* INSTRUCTIONS FOR THE TASK
In the listing below, locate the line containing "Aber auch Grüntöne" and the line containing "A curva do desgaste: a". Output both of them and every line between, exactly as written, and nothing more.

* DATA EXTRACTS
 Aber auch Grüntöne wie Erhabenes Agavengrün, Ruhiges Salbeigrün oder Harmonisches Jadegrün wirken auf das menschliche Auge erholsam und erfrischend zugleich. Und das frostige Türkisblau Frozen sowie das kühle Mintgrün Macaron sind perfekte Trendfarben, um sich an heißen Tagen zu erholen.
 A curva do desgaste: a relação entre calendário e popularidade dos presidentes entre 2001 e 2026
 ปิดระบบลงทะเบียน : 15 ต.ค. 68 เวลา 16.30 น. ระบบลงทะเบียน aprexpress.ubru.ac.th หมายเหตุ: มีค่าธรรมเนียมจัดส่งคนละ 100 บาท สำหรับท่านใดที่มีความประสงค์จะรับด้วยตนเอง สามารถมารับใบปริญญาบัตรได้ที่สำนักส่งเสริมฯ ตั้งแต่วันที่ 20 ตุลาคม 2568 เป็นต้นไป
--
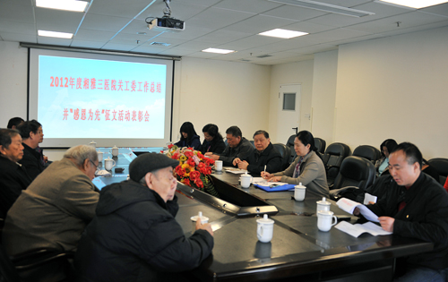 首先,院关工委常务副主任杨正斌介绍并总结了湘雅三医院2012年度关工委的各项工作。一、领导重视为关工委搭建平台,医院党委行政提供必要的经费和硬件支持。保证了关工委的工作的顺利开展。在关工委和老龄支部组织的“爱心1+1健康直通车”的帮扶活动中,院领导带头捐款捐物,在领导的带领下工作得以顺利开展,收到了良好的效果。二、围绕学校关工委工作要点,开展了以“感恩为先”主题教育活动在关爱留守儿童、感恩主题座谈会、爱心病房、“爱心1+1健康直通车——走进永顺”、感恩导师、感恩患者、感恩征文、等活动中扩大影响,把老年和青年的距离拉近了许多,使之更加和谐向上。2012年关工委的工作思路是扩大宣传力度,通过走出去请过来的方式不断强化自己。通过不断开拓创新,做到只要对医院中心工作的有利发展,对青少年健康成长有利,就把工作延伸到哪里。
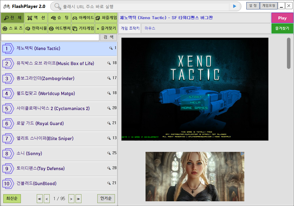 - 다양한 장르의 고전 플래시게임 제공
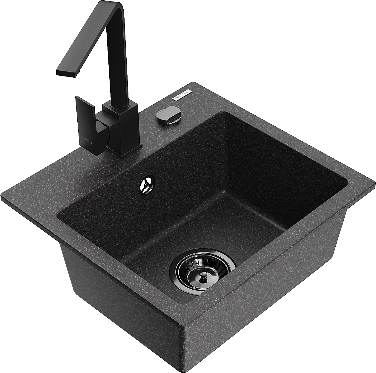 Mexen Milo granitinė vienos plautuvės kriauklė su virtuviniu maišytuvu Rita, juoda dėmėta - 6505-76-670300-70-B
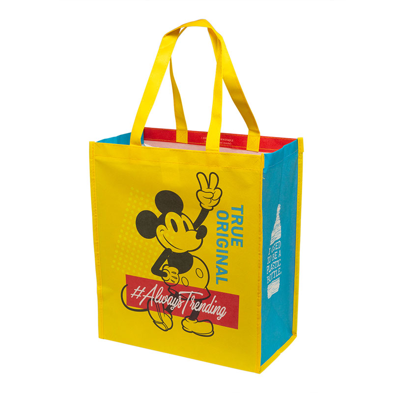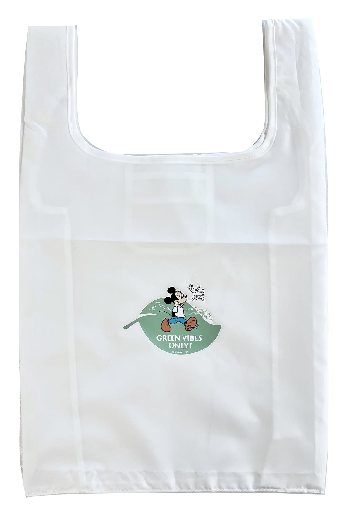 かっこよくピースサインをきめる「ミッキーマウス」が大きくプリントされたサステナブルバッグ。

* PROBLEM SOLUTION
 Aber auch Grüntöne wie Erhabenes Agavengrün, Ruhiges Salbeigrün oder Harmonisches Jadegrün wirken auf das menschliche Auge erholsam und erfrischend zugleich. Und das frostige Türkisblau Frozen sowie das kühle Mintgrün Macaron sind perfekte Trendfarben, um sich an heißen Tagen zu erholen.
 A curva do desgaste: a relação entre calendário e popularidade dos presidentes entre 2001 e 2026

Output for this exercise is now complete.